Letter from Beijing: Shortly before 7.30 on Friday morning I was watching CNN when a report about the 30th anniversary of Mao Zedong's death, on September 9th 1976, came on the screen. It reached a filmed interview with Mao's most recent biographer, Jung Chang, whose relentlessly negative Mao: The Unknown Story, written with her husband Jon Halliday, came out last year.
Jung's face flashed up for a microsecond, and then sound and vision both disappeared. I thought for a moment that the TV had simply gone kaput. But the report returned with Mao's onetime English translator on screen and then vanished again when Jung Chang popped up for another quote. An hour later (CNN does tend to repeat itself), the report came back on. This time, the censors had their fingers poised on the buttons, and the blackouts started earlier, removing both Jung and the translator, so that viewers would not have known what they were missing.
The censorship was as stupid as it was crude. The vast majority of CNN's viewers in China are expats, and it seems unlikely that any of them would have been shocked to the core by the revelation that Mao was no saint. The book written by Jung Chang and Jon Halliday is not hard to get hold of: I ordered it from Amazon and had it sent to Beijing without any difficulty. I haven't met anyone in China who doesn't think that Mao's signature initiatives - the Great Leap Forward, which sparked a devastating famine, and the Cultural Revolution, which almost destroyed intellectual life and the education system - were great ideas. Just last week, on state television, I heard someone argue that the Cultural Revolution should be referred to in future as the "Cultural Devastation".
The censors who blacked out CNN managed to reveal far more than they concealed. They showed that even 30 years after his death - a period in which China has travelled light years away from orthodox Maoism - the Great Helmsman is still a touchy subject. The Little Red Book may now be sold mostly as a curiosity to tourists. Images of Mao may now appear in a post-modern, self-consciously kitschy way on watches and alarm clocks. Yet Mao is still a deeply troubling presence in the collective psyche. Not for nothing does his portrait still gaze down from the Tiananmen gate at the heart of Beijing, keeping a baleful eye on the crowds who queue to enter his mausoleum.
That portrait itself tells a tale of deep ambivalence. Last May, the original painting on which it is based was listed for sale at a Beijing auction house. It turned out that it had passed into the hands of an American collector in the 1990s - a poignant symbol of the shift from Maoism to the market. But the proposed sale generated a spontaneous eruption of outrage on the Internet, with young Chinese people, many of whom could not have remembered much about Mao in power, demanding that the sale be prohibited. The pressure was such that the auction house finally issued a terse notice to the effect that it had abandoned the sale after "advice from the government", and that the owner would instead consider donating it to a Chinese museum. On the one hand, this relic of Mao mattered so little that it could end up in foreign hands. On the other, it mattered so much that it had to be saved for the nation.

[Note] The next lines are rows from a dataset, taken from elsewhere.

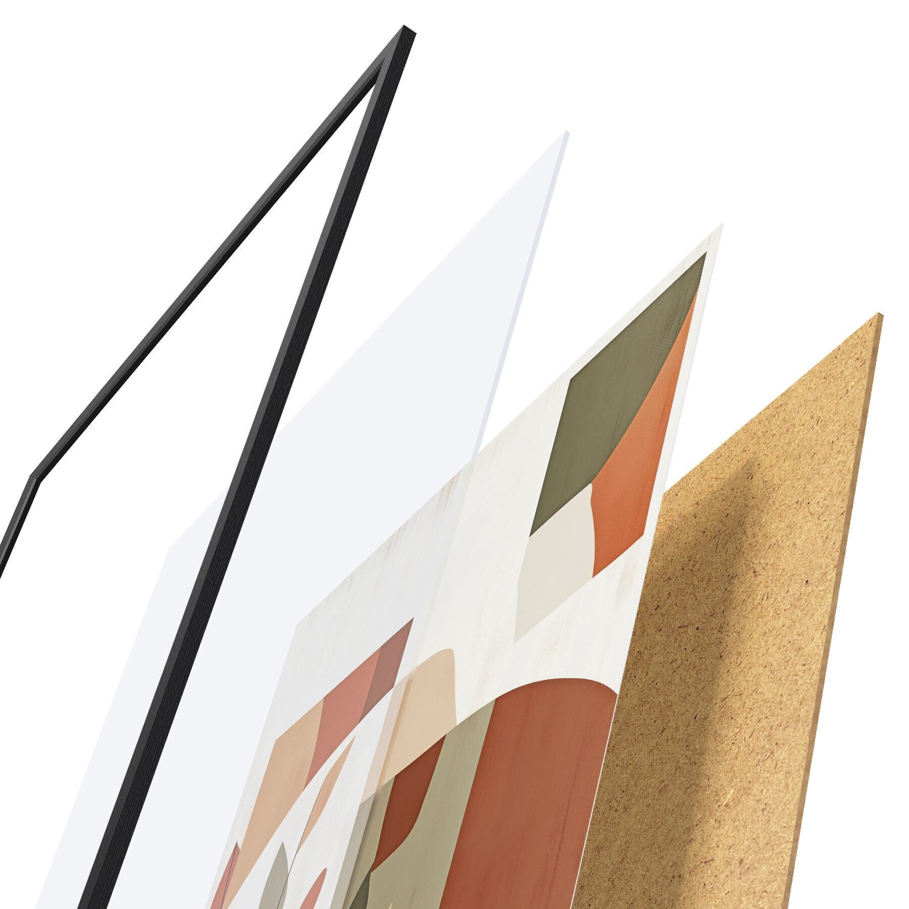 El póster consta de marco, plexiglás, imagen impresa y soporte de aglomerado. El póster puede colgarse inmediatamente en la pared gracias a los soportes de la parte posterior.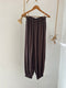 Pantalón bombacho azul marino haciéndole contraste rayas en marrón y beige
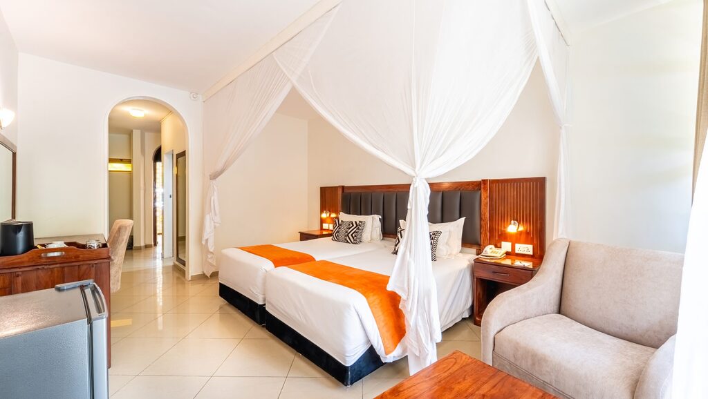 The Victoria Falls Rainbow Hotel will accommodate you in one of the 88 rooms available. 54 of these rooms are Standard Twins, 30 x Standard Doubles, 2 x Family Suites, 2 x Suites and 2 x Deluxe Suites. The hotel is child-friendly and offers 13 sets of family inter-leading rooms. The rooms feature either a queen, standard double beds or ¾ twin beds, private bathrooms, air cons, TV’s, Wi-Fi, landline telephones, mini bar, mosquito nets, hair dryer and safety deposit boxes.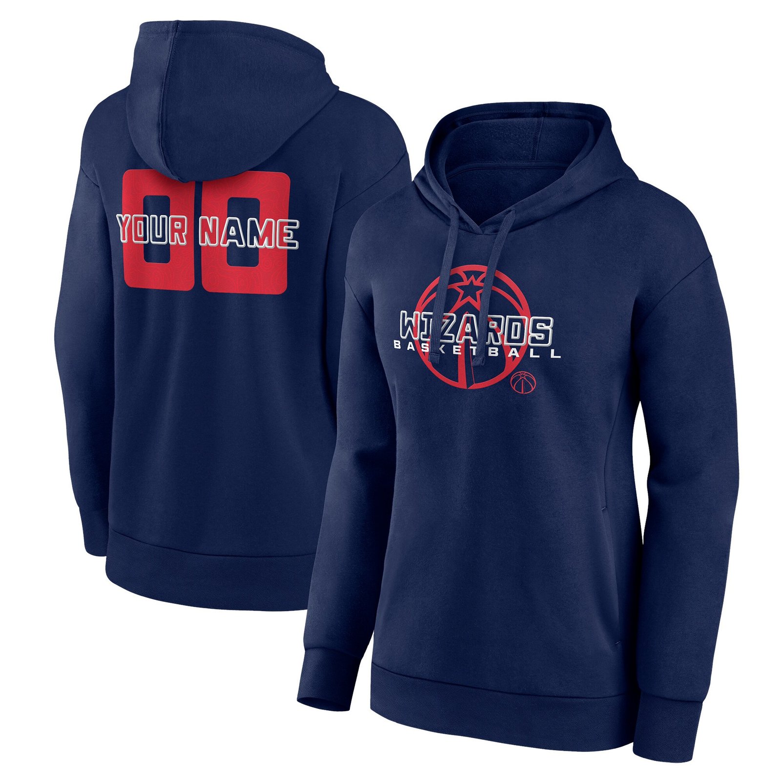 Whether you’re cheering courtside or from the comfort of your couch, stand out in style with this Washington Wizards Women’s Stellar Personalized Name & Number Pullover Hoodie in Navy. This personalized NBA apparel is sure to make a statement as you rep your favorite team with a customized touch.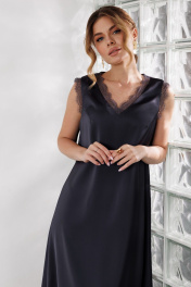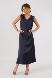 Нарядное платье из плотного атласного полотна, свободного силуэта,расширенное книзу, без подкладки, длины макси. Горловина и проймы отделаны кружевом в цвет основной ткани.

This ambivalence persists at a popular level too. A while ago, I chanced on an extraordinary little village in the mountains just 50km from Beijing. It had high defensive walls, stone pathways and an ancient grinding stone, all suggesting that it went back to medieval times. I called in at random on one of the families there. We chatted for a while and they took me to the back of the village to show me a tiny Taoist temple that had, they said, been attacked and almost levelled by Red Guards during Mao's Cultural Revolution - an act they spoke of as if it had happened yesterday and they were still recovering from the shock. They were clearly devout - a picture of a portal deity hung on the door to their courtyard.
And inside, in pride of place at the centre of their living room, was a white plaster bust of another demi-god, Mao Zedong.
This, I suppose, is one of the reasons why Mao cannot be left behind - a force so big, symbolising such massive upheaval in an ancient culture, has a power that transcends good and evil. Another reason, though, may be that Mao provides a fixed point in a rapidly-shifting landscape. His successor - and nemesis - Deng Xiaoping famously likened the process of reform in China to crossing a rapid river in the dark, feeling with your foot for the next stone. As you try to keep your balance, it is useful to be able to look behind now and then at the receding shore. China has not gone far enough across yet for the far shore to be visible or for the one behind to be out of sight.